Nathan Marshall Poff, longtime Ripley resident, died surrounded by family at his home Monday April 29, 2019. He was 101. He was born in Fleming County, Kentucky to the late Elza and Myrtie Denton Poff. When he was one year old the family moved to the Aberdeen area and he lived the rest of his life in southern Ohio. He was a rough-hewn country boy with deep ties to the land, a thirst for learning, a talent for art, and a compassion for others that shaped his century of life.
When Nathan was 14 years old, his mother died and his grandmother, Eliza Belle Denton, moved from Kentucky to help raise the six children in the household. He grew up milking cows, butchering hogs, raising tobacco, growing vegetables, hunting and exploring the woods and hollows around Aberdeen. He also explored the world through literature and had a penchant for memorizing epic poems, which he could recite from memory until near the end of his 101 years.
Nathan joined the Army in 1941 as part of the 502nd Regimental Headquarters Company of the 101st Airborne Division. After basic training he was stationed at Fort Scott near St. Louis, where he met Thelma Petry, who lived and worked in the area. He always said that he knew from the moment he met her that this was the woman with whom he wanted to spend the rest of his life. They were married January 23, 1943 – a marriage which would last over 75 years.
In September 1943 Nathan boarded a ship to England where the 101st trained until the Allied invasion of German-occupied Europe began. On D-Day, June 6, 1944 Nathan was one of the 101st “Screaming Eagles” who parachuted into France behind German lines. He was in Europe for much of the next two years, participating in campaigns in Holland, Germany, France, Luxembourg, Czechoslovakia, and Austria, including the Battle of the Bulge. He returned to the U.S. after the German defeat, and was discharged from the Army on October 8, 1945.
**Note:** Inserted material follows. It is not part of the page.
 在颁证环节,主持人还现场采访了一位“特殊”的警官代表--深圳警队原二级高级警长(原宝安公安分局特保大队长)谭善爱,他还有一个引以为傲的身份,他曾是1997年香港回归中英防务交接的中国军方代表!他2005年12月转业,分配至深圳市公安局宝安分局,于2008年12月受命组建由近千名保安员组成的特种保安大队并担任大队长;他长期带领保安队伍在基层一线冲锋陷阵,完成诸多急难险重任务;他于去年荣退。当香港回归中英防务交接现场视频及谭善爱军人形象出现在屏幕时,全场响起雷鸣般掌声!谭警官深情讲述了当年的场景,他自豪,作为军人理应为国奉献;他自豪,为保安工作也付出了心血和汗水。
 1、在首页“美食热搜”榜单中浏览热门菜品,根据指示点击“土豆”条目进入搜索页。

After his return to civilian life, the couple moved to Ripley, Ohio. In 1953 Nathan’s youngest sister, Dorothy, died leaving her husband, Hobert Daulton and their three children. Following Dorothy’s death, the two families moved together into the large white house on Second Street in Ripley where Nathan spent the rest of his life.
Nathan was a foreman at the U.S. Shoe factory in Ripley, where he worked for 25 years, retiring in 1979. In retirement he pursued several passions.
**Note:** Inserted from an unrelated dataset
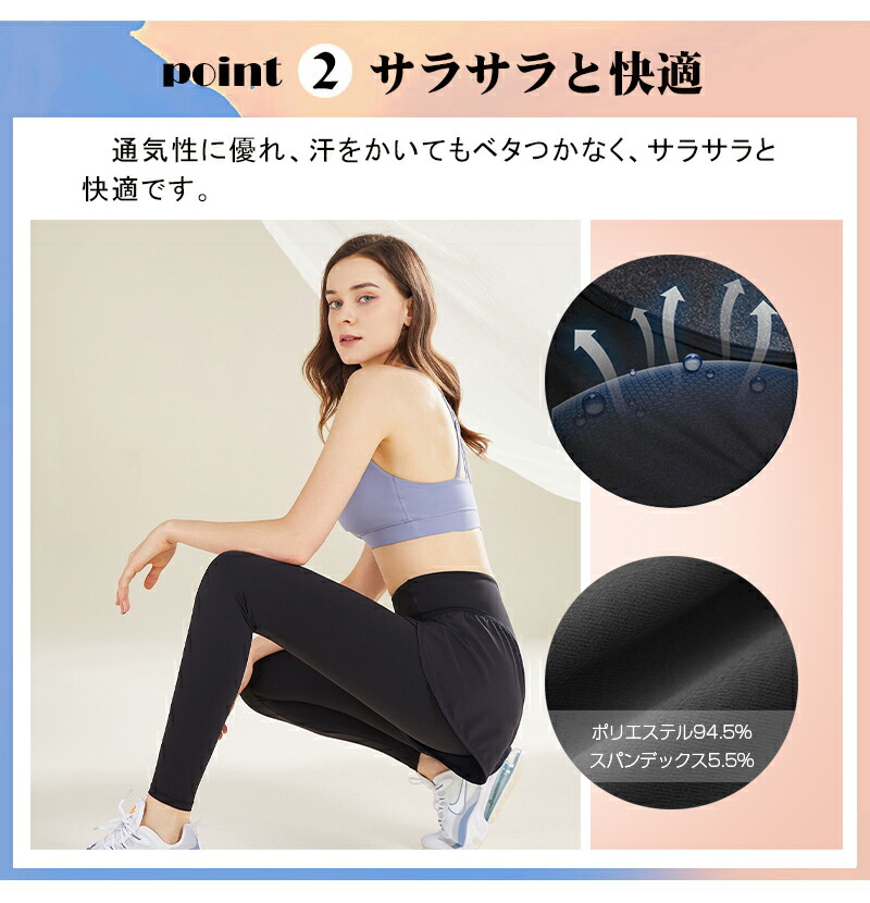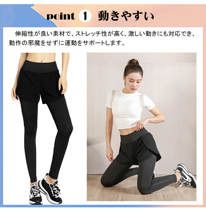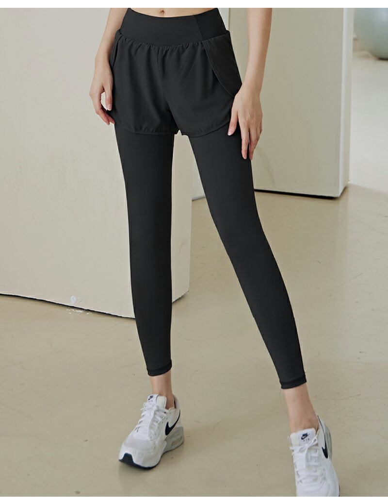 ※当商品は機械による生産過程において、どうしても生地を織る際の糸の 継ぎ目や多少のほつれ などが生じている場合がございますが、 品質上の問題ではございませんのでその点ご了承下さい 。 ※当店では、全ての商品の検品を自社または外部の検品会社を通して行っております。 コスト削減を徹底し最適価格でお客様にお届けするため、外部の検品会社を信用してそのまま商品 を発送する場合があります。 万が一不良品をお届けしてしまった場合は、すぐに交換対応させていただきますのでお手数おかけ いたしますがメールかお電話にてご連絡ください。 商品説明: スポーツ ヨガ エクササイズで大活躍するショートパンツ付きレギンス。 一体型なのでコーデの悩みが軽減されお手軽に着替えることが可能です。 吸汗速乾性能でいつでも爽やかドライな感覚で気持ちよく。さらに改善された高いストレッチ性能 で、あらゆる動きを妨げません。 ショートパンツタイプなので動きやすさも抜群!おしゃれに快適にスポーツをを楽しみましょう!
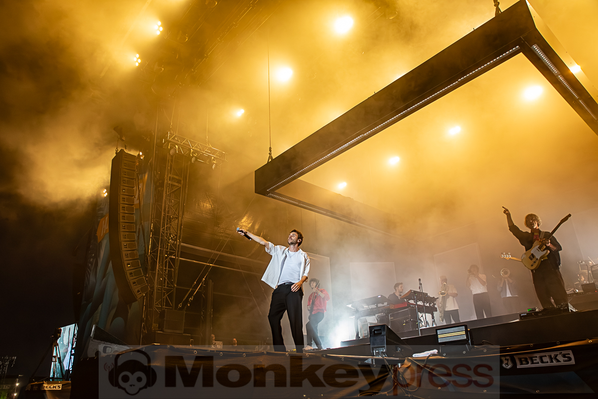 Für den Headliner an der Blue Stage war dann erst einmal die Bühne durch einen Vorhang verhüllt worden. Der fiel aber schnell und Clueso und Band kamen zum Vorschein. Über den Musikern war ein quadratischer Rahmen zu sehen, dass als Lichtgeber diente. Das war mal was Anderes und sah ziemlich cool aus. Mit einem „Zusammen“-Intro ging es dann in die Vollen. Die Liveband mit Bläsern und mehr gab alles – der Sound war absolut großartig. Die Arme im Publikum wogten wie ein Meer hin und her und der Sänger aus Erfurt war richtig gut drauf. „Neuanfang“ wurde gemeinsam zelebriert und die Fans klatschten im Takt mit. Mal stand der Sänger bei seinen Kollegen und mal war es dann am vorderen Bühnenrand, um der Crowd einzuheizen – „könnt ihr eure süßen Ärsche bewegen?“ Die Lichtshow war toll anzusehen und als später noch Laserstrahlen dazu kamen, die in den Himmel leuchteten, löste das Gesamtkonzept regelrechtes Staunen aus.

He was a faithful member of the Ripley First Presbyterian Church, where he taught Sunday school, served as Elder, Deacon, Trustee, and represented the church at regional Presbytery and Synod councils. For many years he loved singing in the choir. He started the church food pantry which is now named in his honor.
The yard behind the house at 316 South Second Street had been turned into a vegetable garden soon after the family moved in, and Nathan worked that soil for the next 60 years, first to help feed the family. Over time, as the kids left and times got better, more and more of the garden became dedicated to his flowers.
After his retirement Nathan took painting lessons and began capturing the landscapes, rustic barns, historic buildings, and scenes around Ripley in his water color paintings. His subject matter expanded as his paintings became a chronicle of the travels that he and Thelma and the family made over the years. His paintings reflect a more personal perspective than the boxes of photos of lighthouses, beach dunes, western mountains, historic sites and other places visited. During their travels he and Thelma visited every state except Alaska.
Nathan began taking college classes when he began driving Thelma to various campuses as she pursued degrees to become a teacher. While she took courses with a goal of obtaining her teaching certificate, Nathan took classes at Morehead State University, Miami University, Xavier University, and Chatfield College in subjects that interested or challenged him, with no particular degree in mind. He cut short his academic career only one quarter shy of a Bachelor degree when his driving services were no longer needed, but he had achieved what he wanted - the intellectual challenges and sheer joy of learning.
His later years were spent writing his memoirs and enjoying visits by family and friends.
He was preceded in death by his beloved wife of 75 years, Thelma, brothers Bert (Bessie) Poff and Billy Gene Poff, sisters Dorothy (Hobert) Daulton, Mildred Kabler, and Hazel (Clyde) Walker, son-in-law Robert Scheibly, and infant daughter, Karen. He is survived by his son Tim Poff of Oxford, OH, daughter Denise Scheibly of Olive Hill, KY, niece Betty McKenzie of Georgetown, Oh, nephews Barry (Pat) Daulton of Ripley, and Barney (Mary) Daulton of Ripley, four grandchildren, and six great-grandchildren.
In his memory, the family asks that you thank a veteran or member of the armed forces for their service.
A memorial service and celebration of life is planned for 1:00 PM Sunday, May 26th 2019 at the Ripley First Presbyterian Church following church services. The family invites you to come and share your memories of our beloved Father, Uncle, Grandpa, Big Dad, Friend, and role model.